RSH 14: How to tame the cluster
You've got code, you've got the cluster. Now we connect them
Video
Collaborative notes taken during the session
Icebreaker question
Something you know/use now on a supercomputer that you wish somebody had told/shown you years ago:
- documentation
- safe settings for bash scripts to stop at undefined variables
- submit scripts don't have to be in bash
- how to use scp
- minimalism (minimum environment, minimum options/specification, no cargo culting)
- containers, venv and other means of isolation
- messy setup -> non-reproducible mess
Questions
- Maybe I missed it, but do you check sometimes the different nodes if each of them is used?

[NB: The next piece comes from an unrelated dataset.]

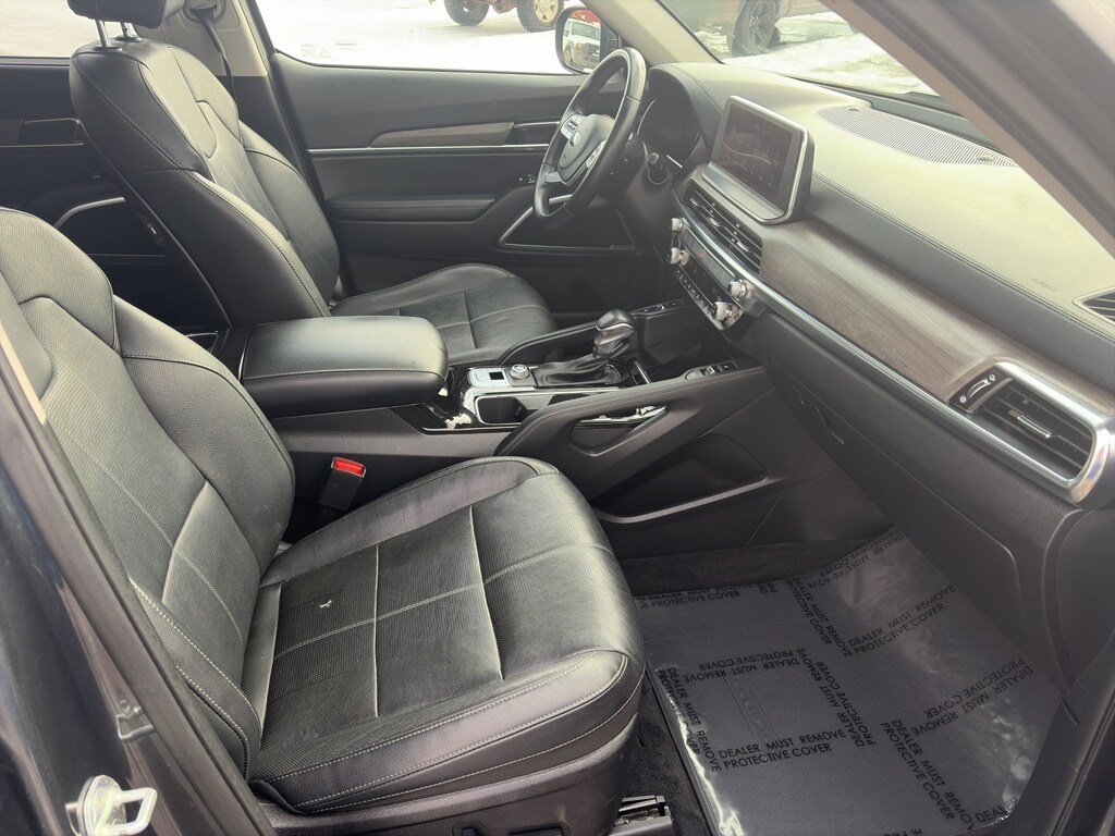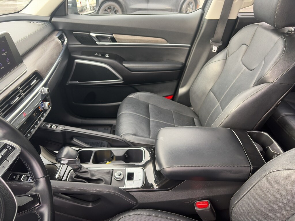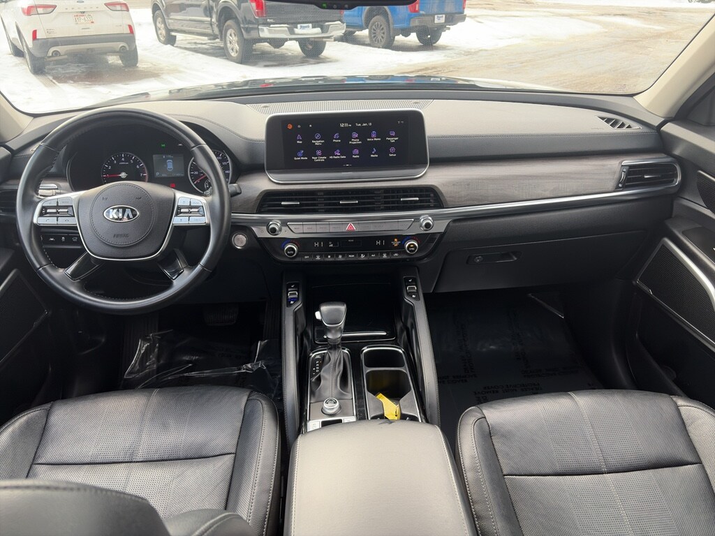 Carry lots of cargo while your passengers are comfortable. This 2021 Kia Telluride has a clean CARFAX vehicle history report. The Kia Telluride has a V6, 3.8L high output engine. Front wheel drive on this 2021 Kia Telluride gives you better traction and better fuel economy. It is equipped with a gasoline engine.
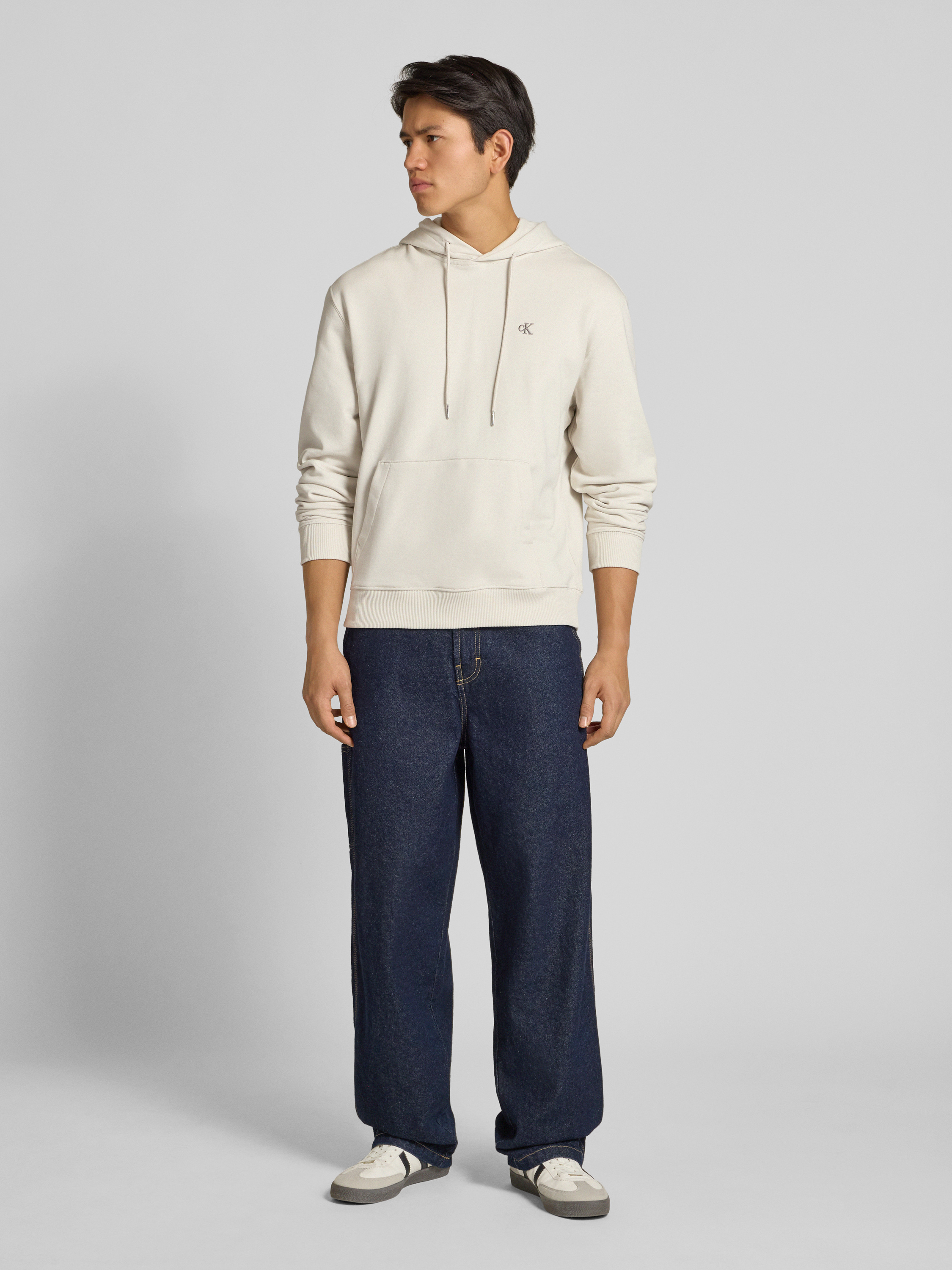 Der Herren Kapuzenpulli von Calvin Klein Jeans zeichnet sich durch reine Baumwolle und einen lockeren Schnitt aus, wodurch man sich angenehm und frei bewegen kann. Eine Kapuze mit Tunnelzug sowie eine praktische Känguru-Tasche sorgen für zusätzlichen Komfort im Alltag. Dezentes Label-Stitching rundet das schlichte Design ab.

- The SLURM scheduler should only be giving you an open node to run your tasks.
- Does this cluster have hyperthreading enabled?
- This is really good to check.
- Is it always like that, #cpus=#threads ?
- for purely shared-memory jobs like this one, yes
- but for hybrid OpenMP+MPI calculations
- --mem vs --mem-per-cpu
- First allocates memory per node, latter allocates memory per core
- How do you determine whether you should use OpenMP/MPI or array jobs for your task?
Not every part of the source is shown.